Moscow Russian officials vowed to "adequately respond" to a U.S. decision to expel 50 Russian diplomats, indicating that an equivalent number of American diplomats could soon be ordered to leave Moscow.
"We will easily find" U.S. diplomats to be expelled "in a more painful form to the U.S. than it was in our case," Sergei Ivanov, chief of Russia's influential Security Council, said on Polish state television during a visit to Warsaw.
"We have time to think, to carefully pick from among more than 1,000 U.S. diplomats in Russia, to choose those 46 who are most precious to the Americans," he was quoted as saying through an interpreter.
Russia's Foreign Minister Igor Ivanov also warned of U.S. expulsions and called the U.S. move a groundless, "political" act reminiscent of the Cold War.
"Naturally, as it has before, Russia will firmly and steadfastly defend its national interests and will adequately respond to this unfriendly step by the United States," Ivanov said, somberly reading a statement on government-controlled ORT television.
"At the same time, the Russian leadership assumes that in Washington, the policy and logic of those who try to push mankind and the United States (back) into the epoch of the Cold War and confrontation won't prevail."
Asked later on the U.S. network NBC if an "adequate" response meant an equal number of expulsions from Russia, Ivanov replied, "I think yes. ... I think that you won't have to wait long for our response."
Ivanov said there were no grounds for the imminent expulsion of six Russian diplomats and the forced departure of 46 more by July, and he expressed regret that Washington had not used its "special channels" with Moscow to quietly address its concerns. "Unfortunately, Washington has chosen another way, so this step cannot be regarded as anything but a political one," Ivanov said.

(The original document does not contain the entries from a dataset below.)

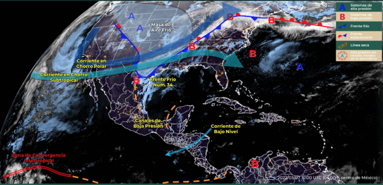 Otro canal de baja presión en el sur del Golfo de México y el ingreso de humedad del Mar Caribe, mantendrán la probabilidad de chubascos en Quintana Roo y lluvias aisladas en el occidente de la Península de Yucatán y el sureste de México.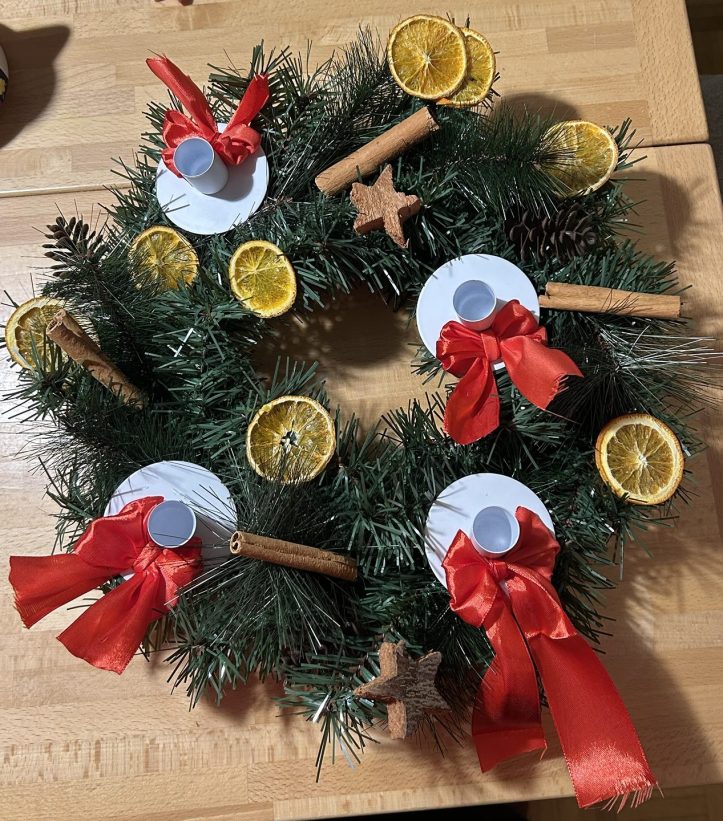 - Decorazioni varie, io ho preso da TEDI un pacchetto contenente arance essiccate, bastoncini di cannella e stelline di legno. Ovviamente potete metterci quello che volete, come ad esempio il pungitopo;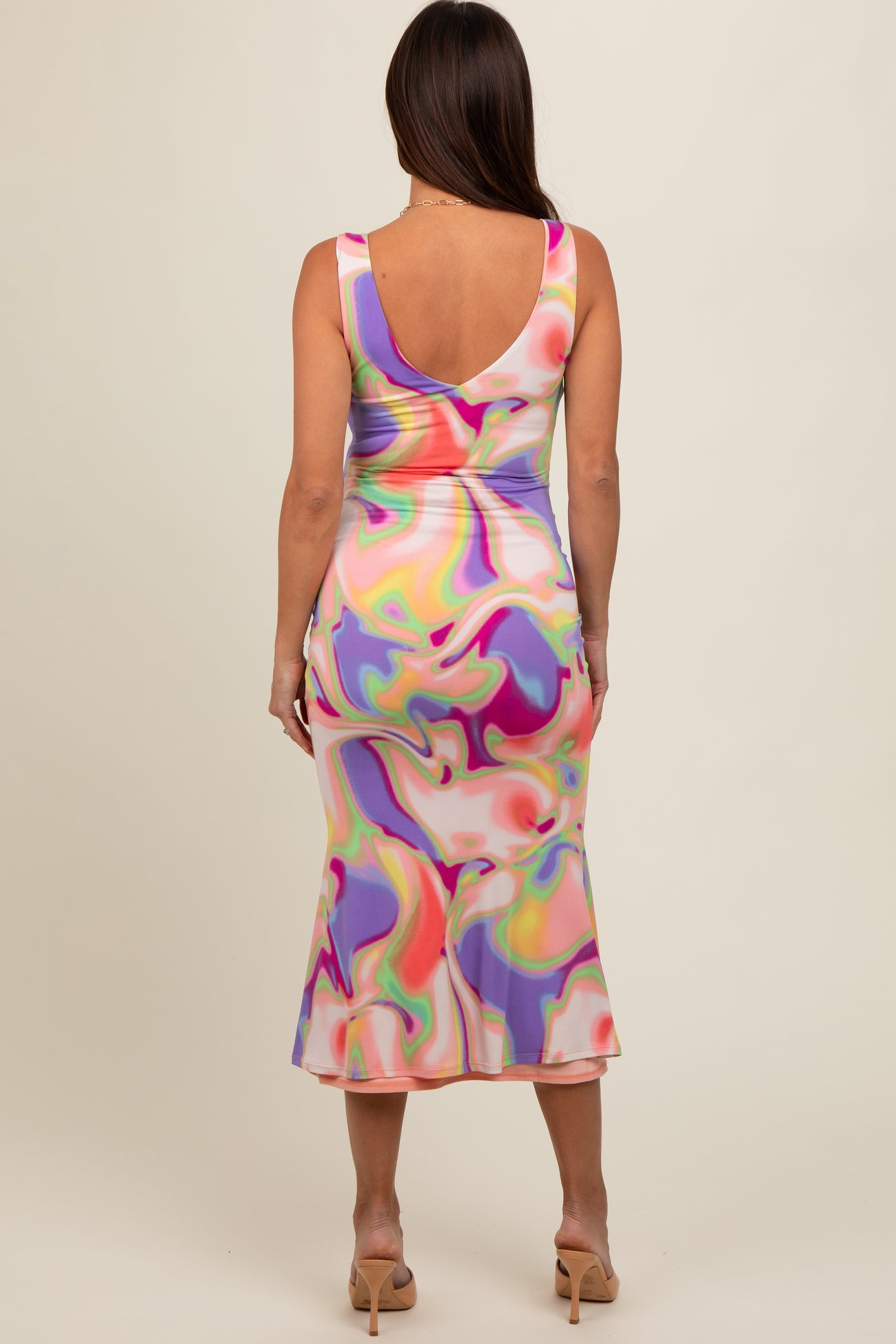 Multi-Color V-Neck Sleeveless Maternity Midi Dress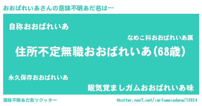 | 欧米人風あだ名 | 『アンジェラ・おおばれいあ』 |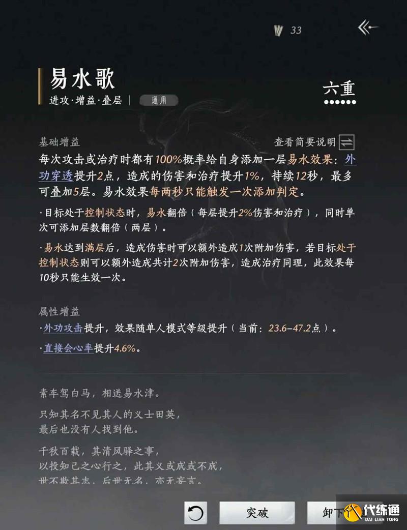 【易水歌+霖傘聯(lián)動(dòng):霖傘的后臺(tái)治療可以讓易水全程保持滿層狀態(tài)】很多其他流派止戈高手會(huì)追求容錯(cuò)放棄易水,但霖霖因?yàn)楸旧砣狈M(jìn)攻手段,要通過追求高奇術(shù)傷害來降低對(duì)手的容錯(cuò),可以看成是霖霖輸出端的流派金心法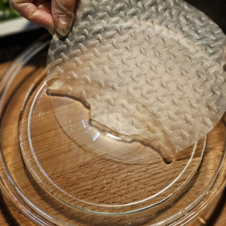 5. Place boiling water in a shallow large dish. add some cold water - water should be hot but cool enough to be able to touch.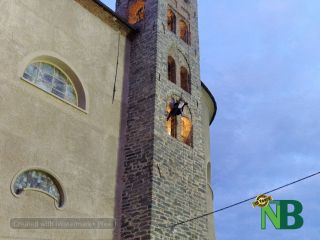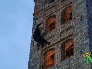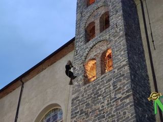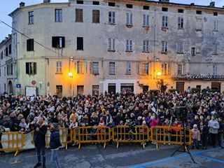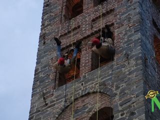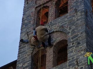 Pubblico delle grandi occasioni al rione Riva di Biella per la calata della Befana dal campanile della chiesa di San Cassiano.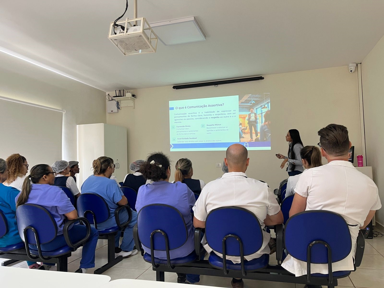 O encontro abordou conceitos e práticas voltados à expressão clara, respeitosa e empática das ideias e sentimentos dos profissionais, incentivando a construção do ambiente de trabalho mais colaborativo, harmonioso e produtivo. “Os participantes puderam refletir sobre a importância de se comunicar de forma assertiva — expressando suas opiniões e necessidades com segurança e respeito — e compreenderam como essa postura contribui para a melhoria das relações entre colegas, internos e a comunidade”, explicou a responsável da Enfermagem do Recanto, Juliana Fachim.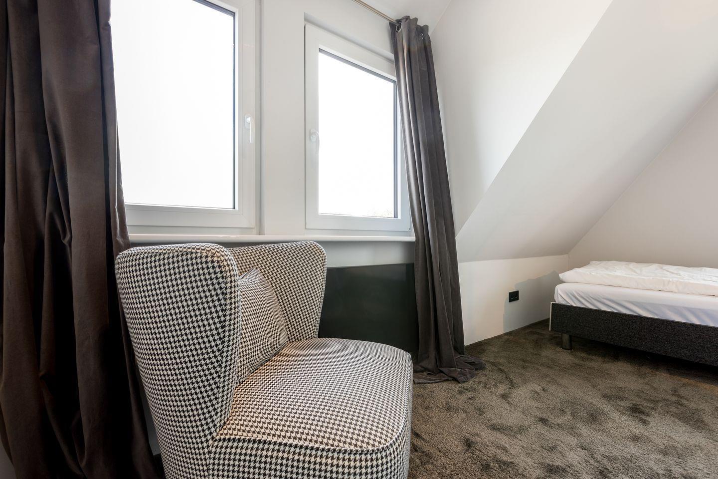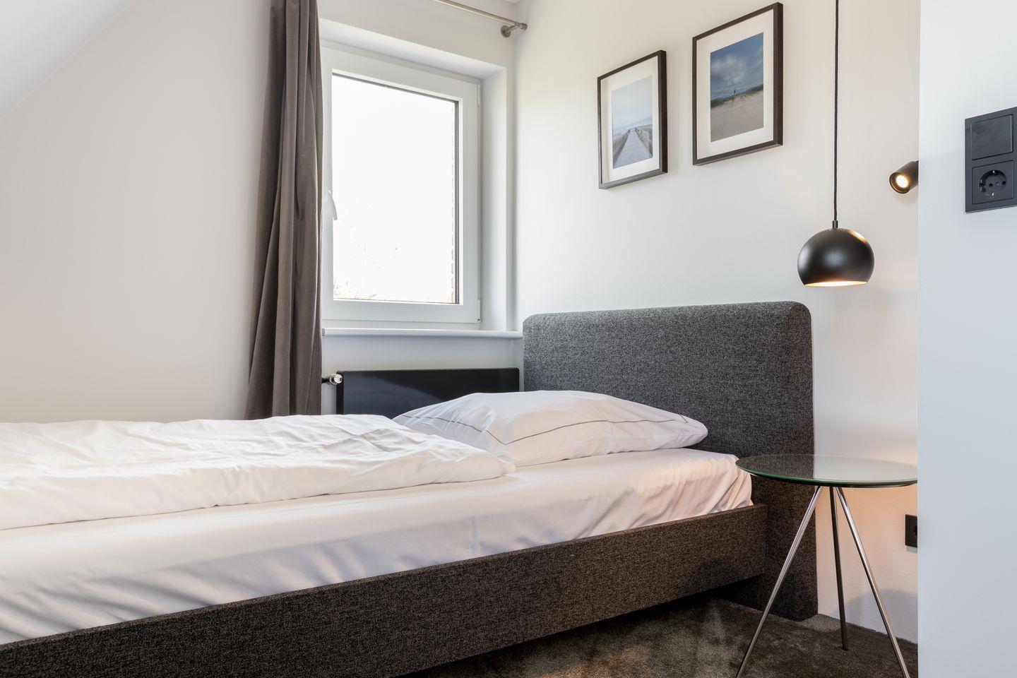 Masterbedroom mit Doppelbett (180x200cm) und TV. Sehr schönes Design-Bad mit Dusche und WC. Ein kleinerer Raum mit Schlafsessel (90x200cm).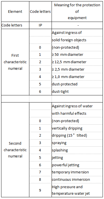 आईपी कोड विवरण क्या है। आईपी का मतलब है सुरक्षा संरक्षण, और अंतर्राष्ट्रीय इलेक्ट्रोटेक्निकल कमीशन (आईईसी) द्वारा तय किया गया था।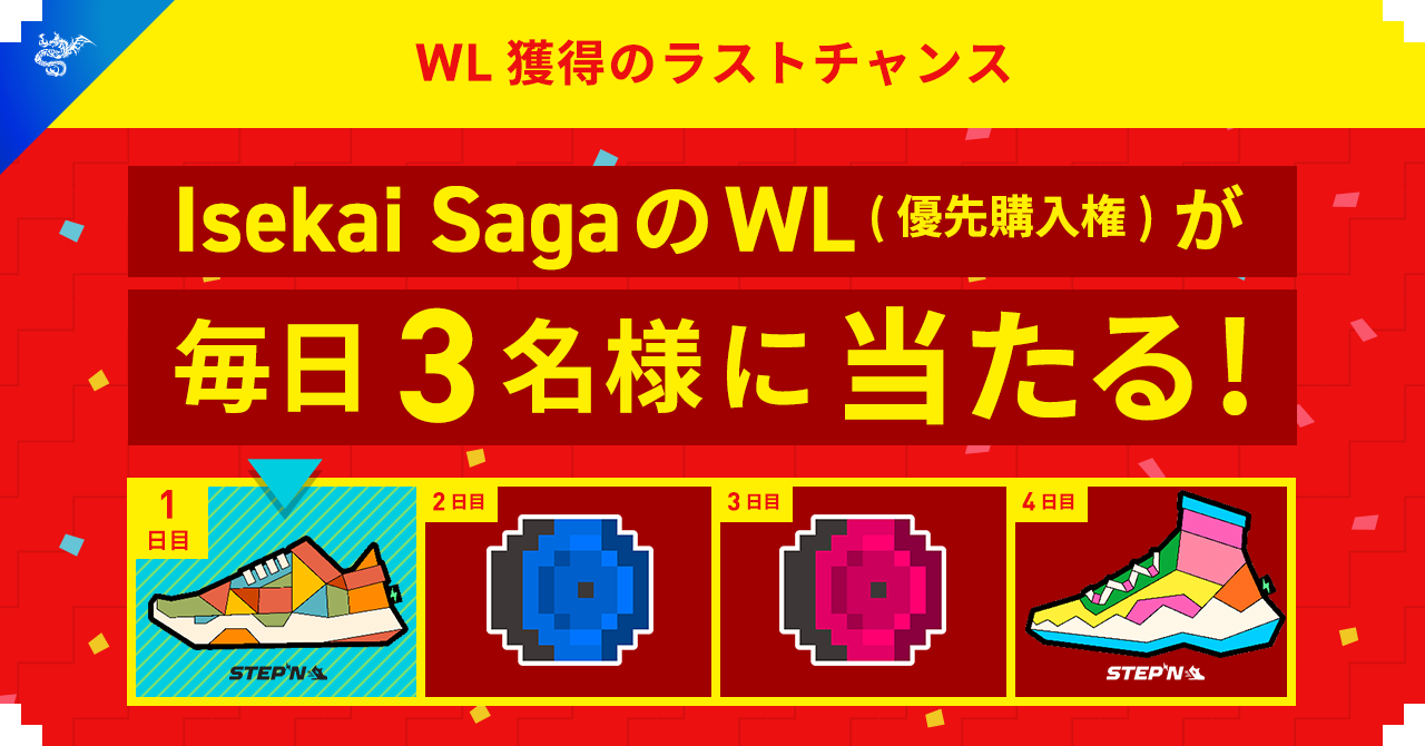 毎日WLが3名様、日替わりで1名様にSTEPNのスニーカーNFT、10名様に 「レプリカ・オタクコイン」が当たりますのでお見逃しなく。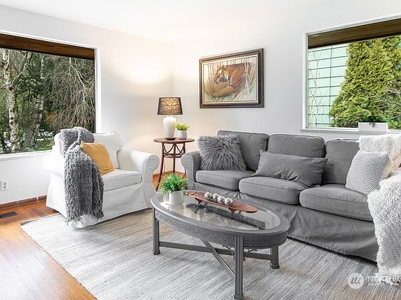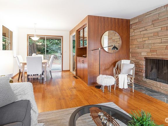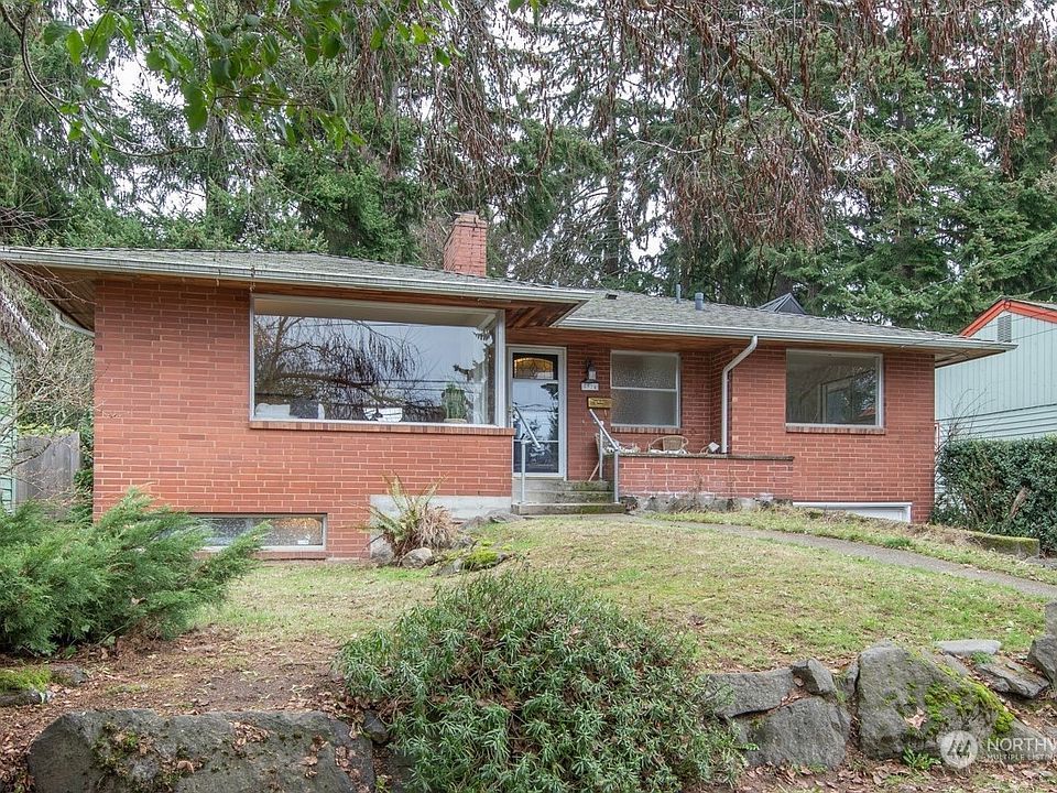 1958 Brick Mid Century on a very quiet street a few blocks north of Green Lake. Looking for that solid mid century to make your own? Your personal touch will make this house really shine. Original details in tact: Flagstone entry. Unique corner fireplace. Hardwoods on main. Spacious living room with large windows. Dining room opens to covered back patio and huge backyard. Spacious eat-in kitchen. 2 beds and a full bath round out the main floor. Downstairs is a non-conforming ‘third’ bedroom, a 3/4 bath and a generous den/media room with a second fireplace. Additional storage and a deep attached garage complete the lower level. Newer roof, furnace & water heater. Set on a large 7,339 sq ft lot with DADU potential.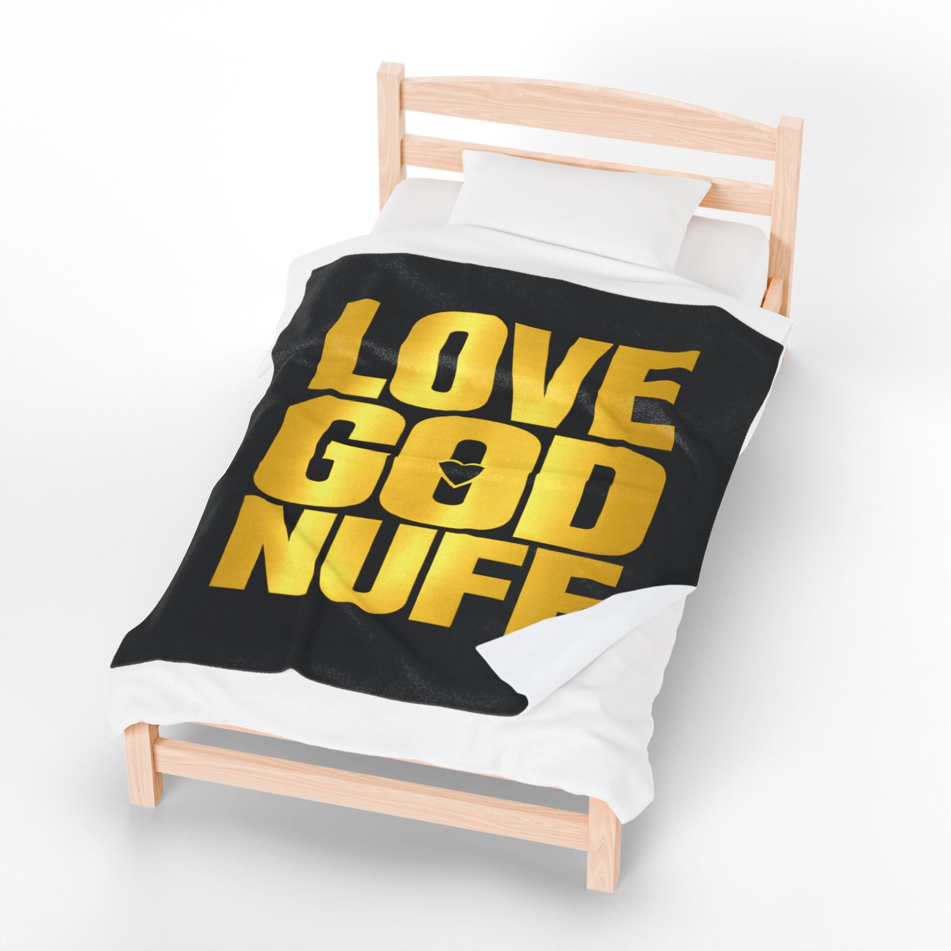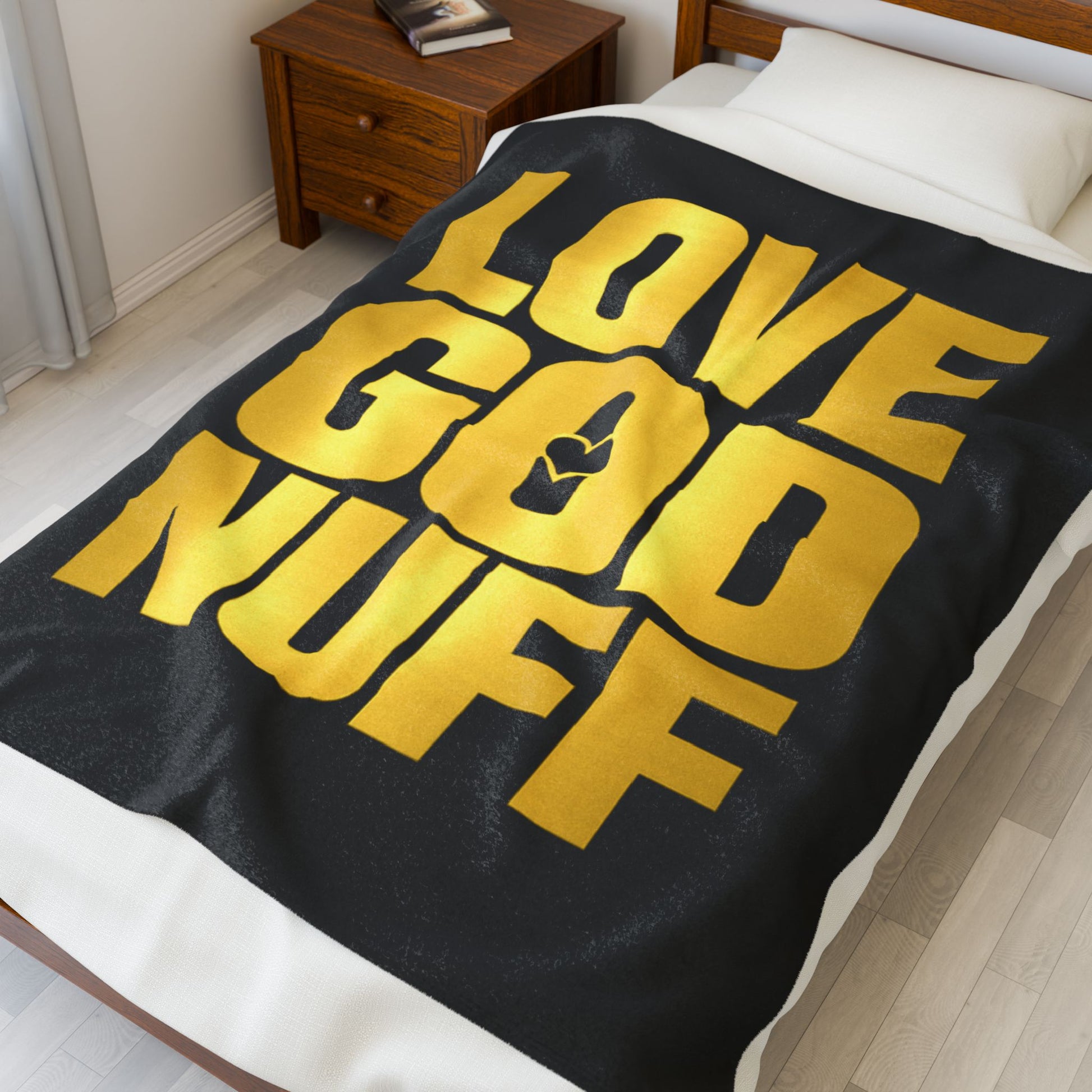 Love God Nuff Velveteen Plush Blanket — Gold Typography Christian Throw

U.S. officials said that four Russian diplomats had been directly implicated in the case of Robert Hanssen, a 25-year veteran of the FBI who was arrested last month and charged with passing secrets to Moscow for the past 15 years. Two other diplomats allegedly involved in the case departed the United States recently.
The U.S. government demanded the departure of 46 others as a gesture of concern over Russia's alleged stepping-up of intelligence operations in the United States over the past four years, U.S. officials said.